「あ…ごめん。君も、食べるかい?」
じーっと見つめられているのに気づいて、ちょっと慌てた。
咄嗟にかじりかけのリンゴを差し出すと、彼女は真っ赤になって首を振った。
かわいいなあ、と思った。
で、それきり、彼女とは会っていなかったのだけれど。
…あの子だ。
すぐにわかった。
彼女の方はわからなかったようだ。無理もない。
赤い戦闘服を着込み、銃を構えた僕は、あのときとは全く違う人間だったろうから。
それに、加速した僕が彼女の前に姿を現したのは、ほんの一瞬だったはず。
どうしてあのとき、リンゴなんか持っていたんだっけ。
次々と立ちふさがる敵を倒しながら、僕はぼんやり考えていた。
そんなコトを考えている場合ではなかったのだけど。
でも、そんなコトでも考えていなければもたない、と思うときもある。
そんな戦いだった。
難しくはなかったけれど、過酷ではあったのだ。
疲れ切って帰投した僕達を、003の笑顔が迎えた。
ドルフィンで待機していたとはいえ、全てを見ていたのだから、彼女だって笑える心境ではなかったはずだ。
けど、それが自分の役目だと思っているから、彼女はスゴクがんばって笑う。
そんなことしなくていいんだよ、といつも言ってあげたい…けれど、僕にはそれが言えない。
実際、彼女が笑って迎えてくれなかったら、自分がどうなってしまうのか想像できないからだ。他のみんなもそうだと思う。
「…知っている人がいたんだ」
彼女の笑顔にひかれるように、僕は口走っていた。
途端に顔を曇らせた彼女に、慌てて付け加える。
「あ、倒したヤツらの中に…じゃないよ。助けた人たちの中に。無事でよかったな…って、そういうこと」
「…そう」
彼女はほっと息をつき、また微笑んだ。
あのとき、あの子は、僕が差し出したリンゴを食べなかった。
食べなくてよかったんだ。
なんだか、心からそう思った。
ドルフィンでは、みんなで一緒に食事…というわけにはいかない。
交替で、でも006の作ってくれた温かい料理を食べることができる。
食事を終え、ようやく一息ついていると、一緒にテーブルについていた007が、なんだか嬉しそうにニヤニヤしながら、僕にオレンジを一つ差しだした。
「ほい、デザートだとさ」
「ありがとう」
「…おっと!買い出し前でちょいとモノが不足しているんでな、ソイツは二人でひとつ、だそうだ」
「ああ、そうなのか」
だったら…と、彼にもオレンジを分けようとした僕を007は押しとどめ、厳かに言った。

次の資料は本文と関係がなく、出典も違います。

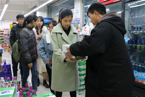 为鼓励我院考研学生坚持奋斗,给他们加油助威,12月20日下午6点,我院特别组织了一次慰问考研学生,为考研学子送温暖活动。我院学生会主席黄泽东带领团总支学生会部分成员参加了此次活动。
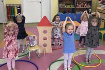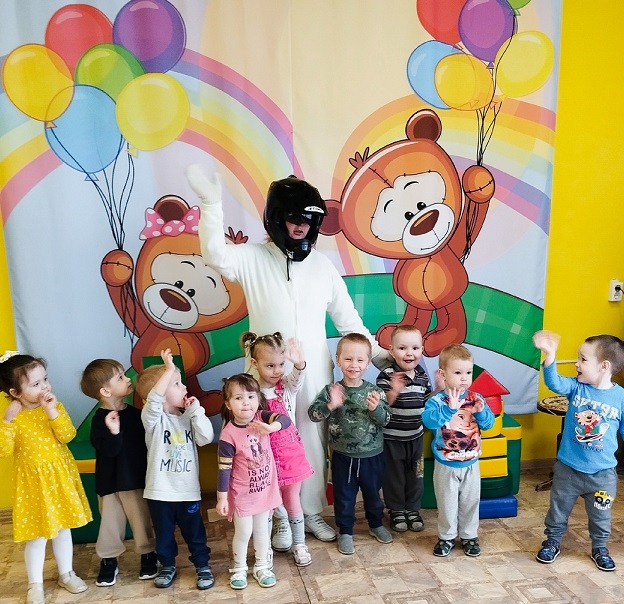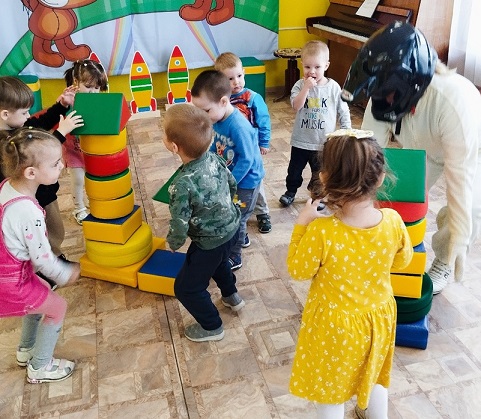 Малыши первой младшей группы «Гномики» (музыкальный руководитель Харитонова Анастасия Петровна) отправились в полёт на Луну с Космонавтом (в роли воспитатель Яковлева Евгения Геннадьевна).Здорово провели время, построили ракеты, выполнили космическую зарядку, убрали мусор, прошлись по звёздной дорожке, передали космический мяч. А по возвращению на землю станцевали дружный танец «Приседай».

「ソイツは、003とオマエの分だ…さっき、張々湖が彼女に出し忘れちまってな」
「……」
…まったく。
いい年をして、中学生みたいな嫌がらせをするんだな。
心で毒づきながら、でもそれを見せてしまたら向こうの思うツボだ。
僕はなるべく平然とうなずき、立ち上がった。
003は休憩室にいた。
オレンジを割って手渡すと、「ありがとう」と笑い、すぐに一房口に入れて、甘い、とまた笑った。

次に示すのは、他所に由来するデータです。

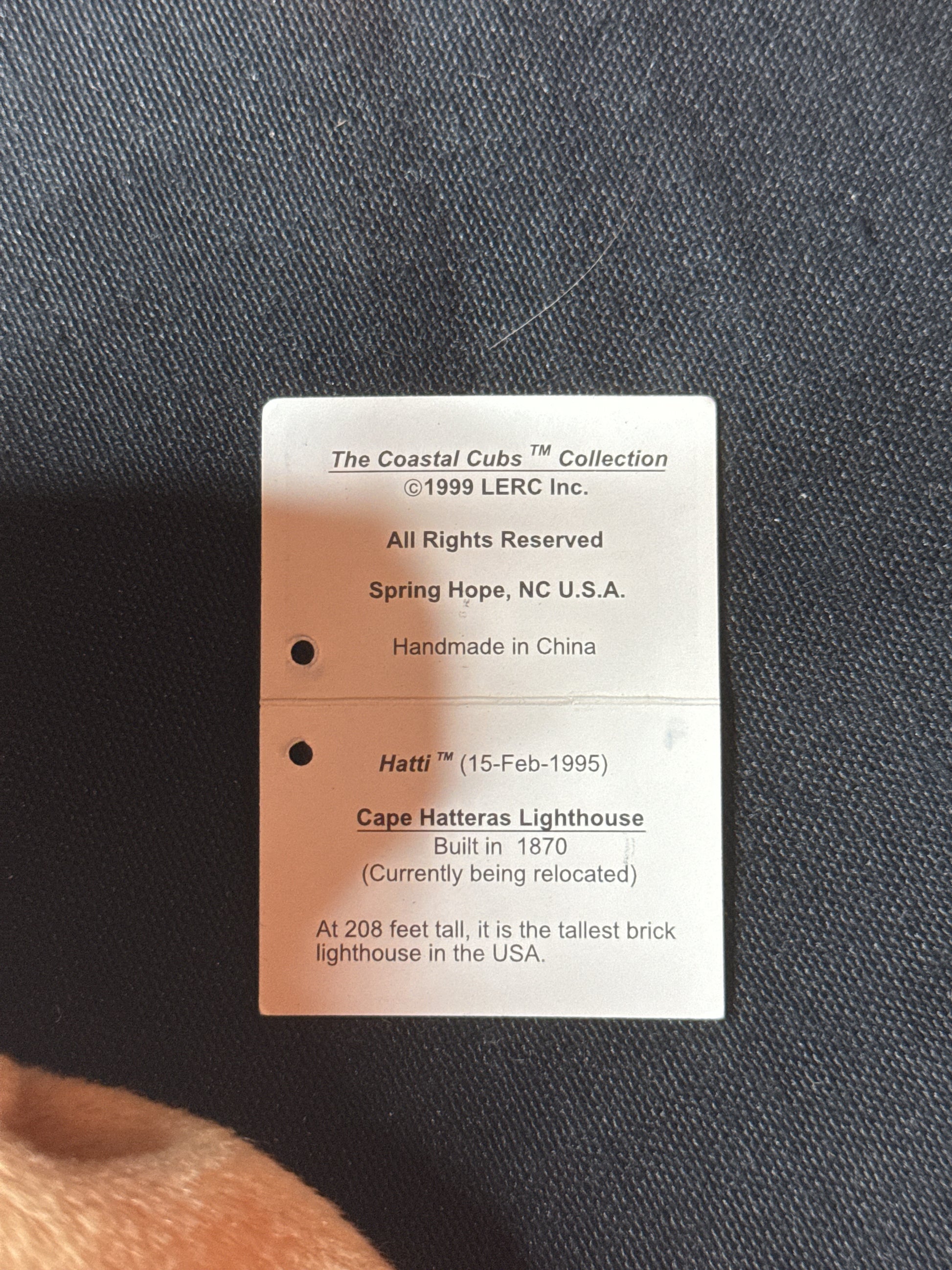 The Coastal Cubs HATTI Lighthouse Bear Beanie Plush Cape Hatteras LERC Tan 8" Tall. Excellent used condition. Not used by children.

で、たぶん、007が虫かなんかに変身してついてきているはずだ。油断はできない。
僕と彼女は他愛のない話をしながら、悠然とオレンジを片付けた。
どうせ嫌がらせをするなら、オレンジなんかじゃなくて、リンゴにすればよかったんだ。
もっとも、それじゃ洒落にならなかったけど。
なんだかんだいって、みんな僕に甘いんだよな。